* _PROBLEM TO SOLVE_
Look through the entries below for the line with "Das Badegeschenkset für" and the line with "Atlanta 1996, bonnet", then give again exactly those two lines and all lines between them, minus the pictures.

* _RECORDS SHOWN_
* * * * *
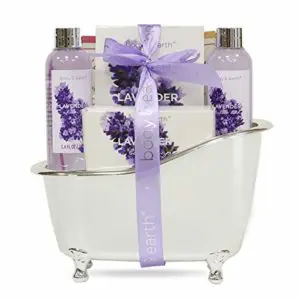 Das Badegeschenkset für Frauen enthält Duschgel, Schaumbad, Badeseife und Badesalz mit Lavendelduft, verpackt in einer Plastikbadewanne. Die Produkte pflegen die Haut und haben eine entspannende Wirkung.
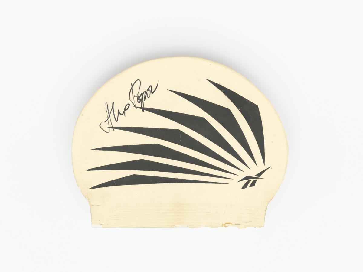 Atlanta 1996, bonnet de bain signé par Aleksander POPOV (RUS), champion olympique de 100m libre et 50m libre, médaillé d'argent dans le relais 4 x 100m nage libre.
* * * * *
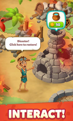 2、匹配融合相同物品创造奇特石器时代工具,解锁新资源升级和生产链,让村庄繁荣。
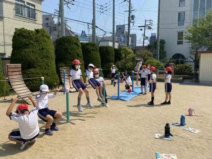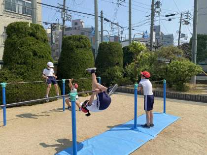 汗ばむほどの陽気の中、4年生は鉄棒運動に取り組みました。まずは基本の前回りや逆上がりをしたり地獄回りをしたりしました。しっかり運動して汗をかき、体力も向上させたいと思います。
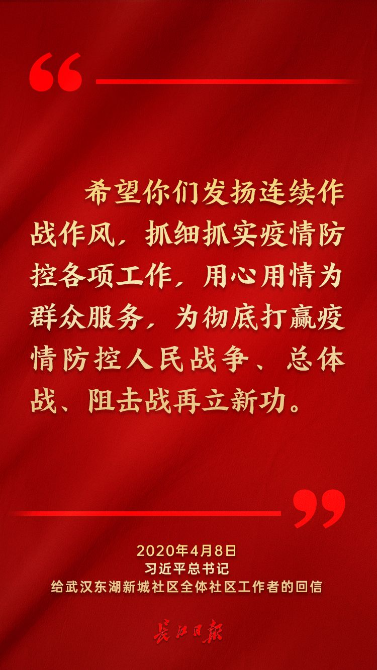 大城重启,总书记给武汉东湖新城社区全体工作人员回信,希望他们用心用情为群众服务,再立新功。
* * * * *
* _ANSWER TO THIS PROBLEM_
 Das Badegeschenkset für Frauen enthält Duschgel, Schaumbad, Badeseife und Badesalz mit Lavendelduft, verpackt in einer Plastikbadewanne. Die Produkte pflegen die Haut und haben eine entspannende Wirkung.
 Atlanta 1996, bonnet de bain signé par Aleksander POPOV (RUS), champion olympique de 100m libre et 50m libre, médaillé d'argent dans le relais 4 x 100m nage libre.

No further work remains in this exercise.